IN WITNESS WHEREOF, the said Assignor has caused this instrument to be
signed and sealed as of the ___ day of July, 2001.
Signed and acknowledged UNITED ACQUISITION, INC., an Indiana
in the presence of: corporation
-----------------------------------
___________________________________ By: ________________________________
(Printed name)
------------------------------------
(Printed name and title)
-----------------------------------
-----------------------------------
(Printed name)
STATE OF _____________ )
)SS:
COUNTY OF ____________ )
Before me, a Notary Public in and for the above County and State,
personally appeared ________________, the ____________________ of UNITED
ACQUISITION, INC., an Indiana corporation, who as such officer acknowledged the
execution of the foregoing Assignment of Rents and Leases for and on behalf of
said corporation this _____ day of July, 2001.
Signature: ___________________________
Printed: _____________________________
Notary Public
My Commission Expires: ______________
My County of Residence: ______________
EXHIBIT "A"
Legal Description
All that real estate in St.
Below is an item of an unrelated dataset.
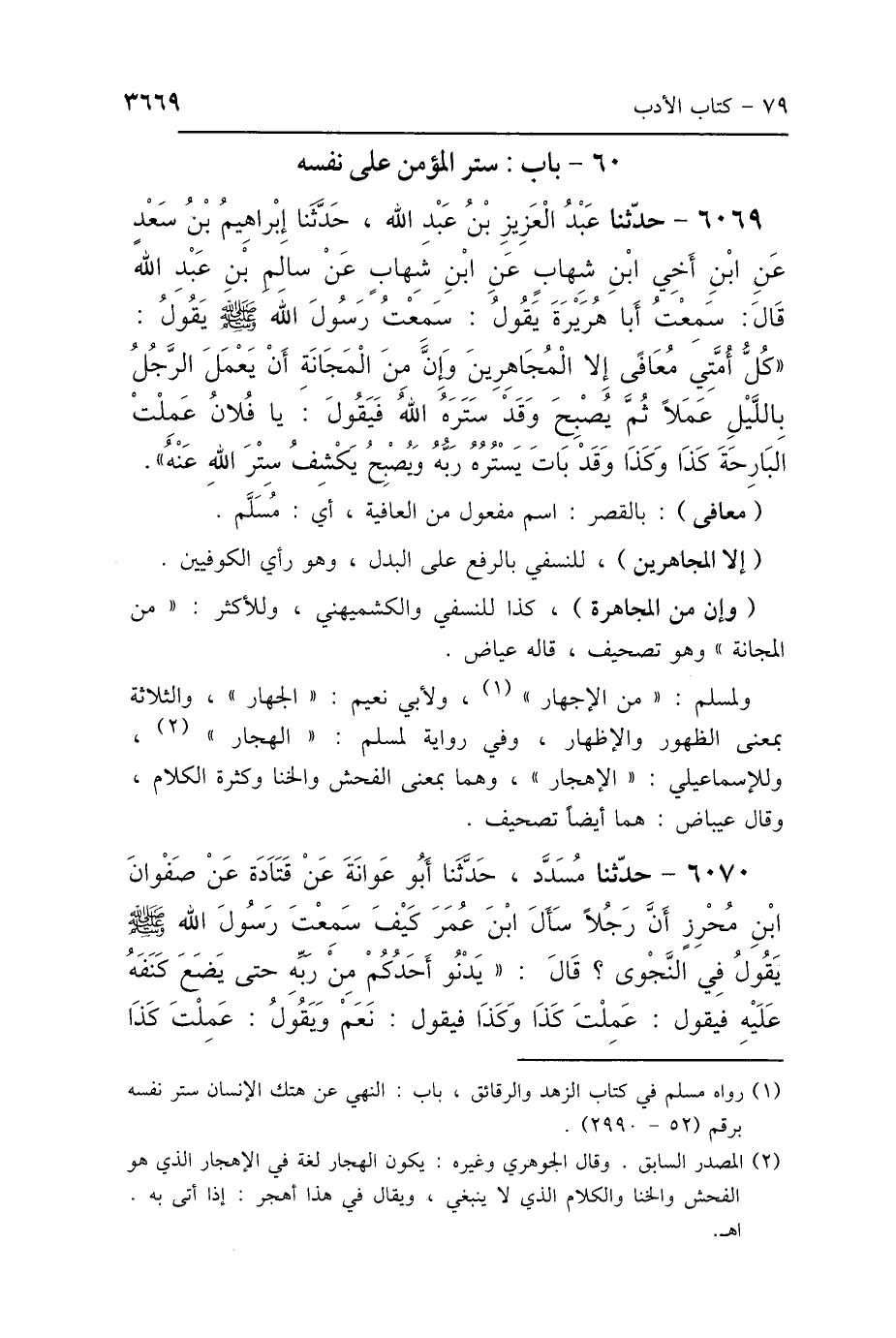 6069 - حَدَّثَنَا عَبْدُ العَزِيزِ بْنُ عَبْدِ اللَّهِ، حَدَّثَنَا إِبْرَاهِيمُ بْنُ سَعْدٍ، عَنِ ابْنِ أَخِي ابْنِ شِهَابٍ، عَنِ ابْنِ شِهَابٍ، عَنْ سَالِمِ بْنِ عَبْدِ اللَّهِ، قَالَ: سَمِعْتُ أَبَا هُرَيْرَةَ، يَقُولُ: سَمِعْتُ رَسُولَ اللَّهِ صَلَّى اللهُ عَلَيْهِ وَسَلَّمَ يَقُولُ: " كُلُّ أُمَّتِي مُعَافًى إِلَّا المُجَاهِرِينَ، وَإِنَّ مِنَ المُجَاهَرَةِ أَنْ يَعْمَلَ الرَّجُلُ بِاللَّيْلِ عَمَلًا، ثُمَّ يُصْبِحَ وَقَدْ سَتَرَهُ اللَّهُ عَلَيْهِ، فَيَقُولَ: يَا فُلاَنُ، عَمِلْتُ البَارِحَةَ كَذَا وَكَذَا، وَقَدْ بَاتَ يَسْتُرُهُ رَبُّهُ، وَيُصْبِحُ يَكْشِفُ سِتْرَ اللَّهِ عَنْهُ".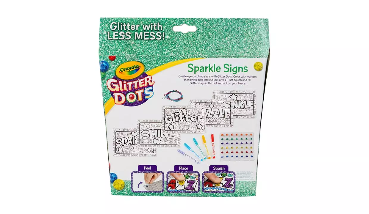 - Los puntos brillantes se adhieren a la mayoría de las superficies, incluido papel, madera, fieltro, papel maché, telas, cartón de espuma y más.

Xxxxxx County, Michigan, described as follows:
A Parcel of Land being located in the Fractional Southwest Quarter of
Section 0, Xxxx 0 Xxxxx, Xxxxx 12 West, Mottville Township, St. Xxxxxx
County, Michigan, more particularly described as follows:
Commencing at the intersection of Xxxxxxx Street and Union Street as
monumented with a pipe,
THENCE South 89 degrees 44 minutes 10 seconds West for a distance of 390.12
feet along the Centerline of said Xxxxxxx Street to the northerly
projection of the East line of Section 19 (Block 19) of Xxxxxxx and
Holabird's Addition to the Village of Mottville according to the Plat of
Record in the Office of the Register of Deeds for St. Xxxxxx County,
Michigan in Liber C of Deeds on Page 272; THENCE South 00 degrees 10
minutes 45 seconds East for a distance of 350.14 feet along said extension
and said East line to the Southeast Corner of said Section 19 (Block 19) as
monumented with a pipe, being the POINT OF BEGINNING; THENCE South 89
degrees 30 minutes 56 seconds East for a distance of 26.00 feet; THENCE
South 00 degrees: 16 minutes 02 seconds East for a distance of 438.47 feet;
THENCE South 89 degrees 50 minutes 55 seconds West for a distance of 28.00
feet; THENCE North 00 degrees 00 minutes 21 seconds West for a distance of
438.76 feet to the POINT OF BEGINNING.
Together with and subject to covenants, easements, and restrictions of
record. Said property contains 0.272 acres more or less.